Houston Man Sentenced to Life in Prison Without Parole for Killing Girlfriend in 2016
A Houston man who killed his girlfriend in 2016 in retaliation for her filing domestic violence charges against him was sentenced Wednesday to life in prison without parole, Harris County District Attorney Kim Ogg announced.
“Eight years is too long for anyone to have to wait for justice, but our Domestic Violence Division was able to get life without parole, which was the appropriate sentence,” Ogg said. “This case is horrible and shows exactly why we take every allegation of domestic violence so seriously — too often it escalates to homicide.”
Jarvis Earl Hickerson, 40, was convicted by a jury of capital murder in an eight-day trial for killing 32-year-old Amalia Alexander on Sept. 19, 2016.
Days before the murder, Alexander filed an assault charge and a protective order against Hickerson for assault because he hit her at a north Houston IHOP restaurant where they were eating.
Jurors in Hickerson’s trial heard evidence that he tried to persuade her to drop the charges and even proposed to her to keep her from testifying against him.

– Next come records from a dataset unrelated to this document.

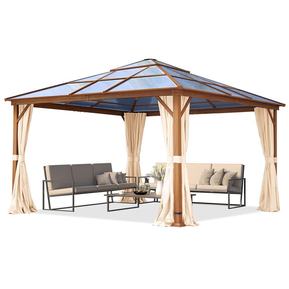 TOOLPORT Garden gazebo 4x4 m hardtop polycarbonate roof, wood finish, 4 side panels in champagne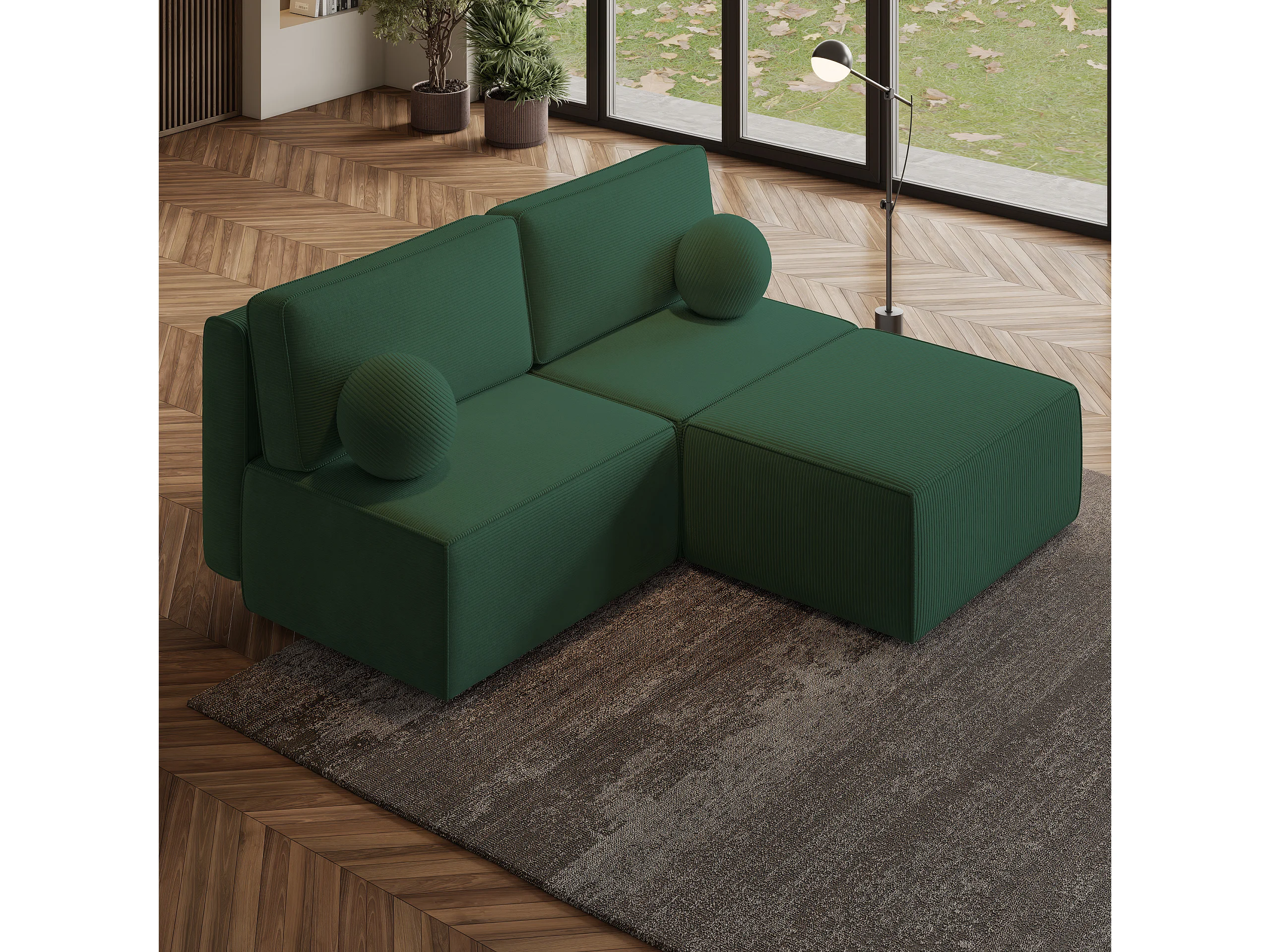 Canapé d'angle VARNA Vert en velours côtelé avec fonction de couchage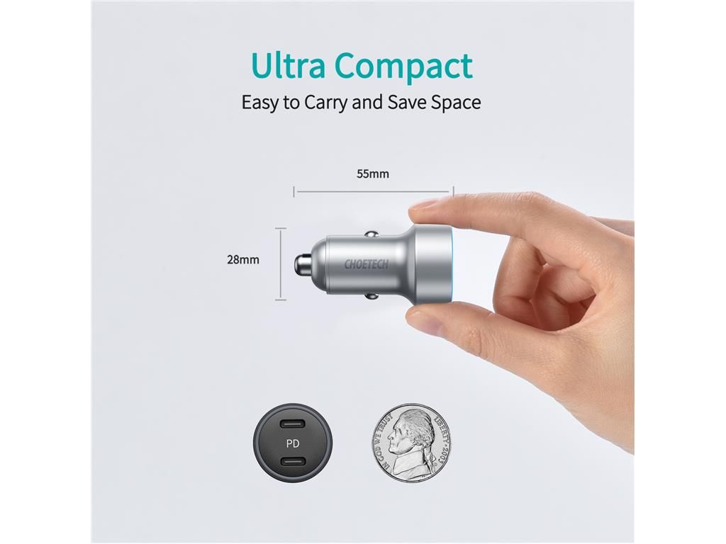 Incarcator auto 2x USB Type C PD 3.0 40W Choetech C0054-V2-SL.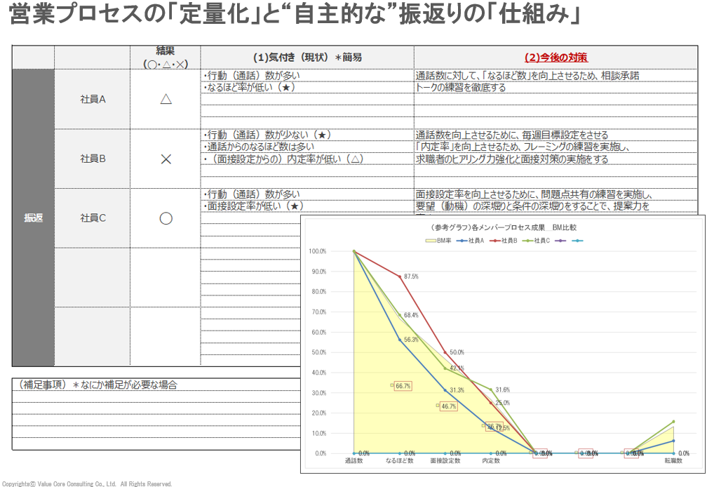 - 定期的なレビューとフィードバックを通じて、プロセスの定着を促し、継続的な改善を図る。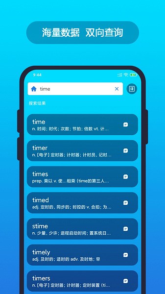 英汉随身词典app是一款非常好用的手机词典软件,平台内采用了百度番茄引擎,为用户们提供了超多英语单词,大家可以输入自己不熟悉的单词进行查询,随即就会为大家显示出该单词的发音、释义、例句等,是大家生活中必不可少的词典工具。除此之外,对于正在准备四六级英语考试或者中高考的学生们来说,它也可以很好满足大家的学习需求。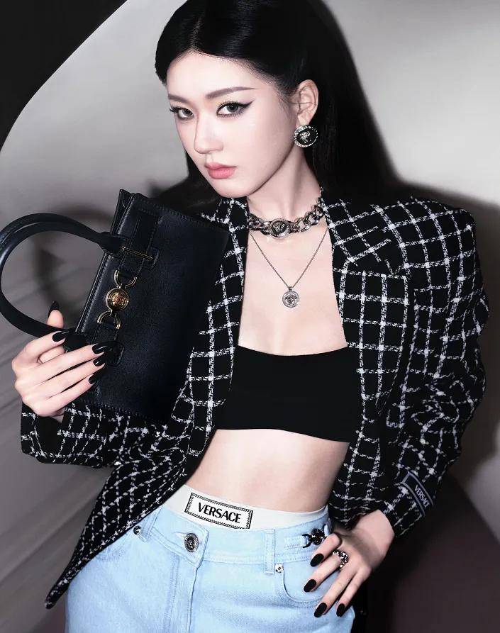 当时赵露思穿着粉色格子套装,和范思哲总监Donatella·Versace的这张合影也蛮出圈的,合照中透露着一种“张牙舞爪又上不了台面”的俗气,实在太不协调了。

When those efforts failed, Hickerson killed her in her apartment and dumped her remains in a field in Montgomery County.
After she disappeared, Alexander’s family filed a missing-person report, and deputies with the Harris County Sheriff’s Office investigated. They found surveillance video of Hickerson leaving Alexander’s apartment at 5 a.m. the day she disappeared. She had been expected at work at 6 a.m.
Investigators traced the last known location of Alexander’s missing cellphone to a field in Montgomery County. There they found her remains in a shallow grave about two months after she disappeared. It is unclear how Hickerson killed her.
Investigators also pulled the call-detail records for Hickerson’s cellphone, which showed that he was in the same area as the field where Alexander’s remains were later found two days in a row after she disappeared. He was arrested for capital murder and later released on bond.
While free on bond, he tampered with his GPS ankle monitor and assaulted a different girlfriend by choking her. He was rearrested and remained in the Harris County Jail until his trial.
Assistant District Attorney Steve Walsh, a chief in the Domestic Violence Division of the DA’s Office, prosecuted the case with Mary McFaden, who is the division chief who heads the Domestic Violence Division.
“It was an eight-day trial with a lot of testimony, but there were several key pieces of evidence that were important,” Walsh said. “Those pieces included video of him leaving her apartment when she disappeared and his cellphone records showing that on two consecutive days after she went missing, he was in the area where her remains were later found.”
McFaden noted that retaliation against a witness is a felony, and because Hickerson intentionally killed Alexander in furtherance of that felony, it was capital murder.
“His begging and manipulation didn’t work — because Amalia was strong,” McFaden said. “At that point, he knew she was not going to back down, so he killed her in retaliation.”
Hickerson was automatically sentenced to life in prison without parole after he was convicted. He will never be eligible for parole and will never be released from prison.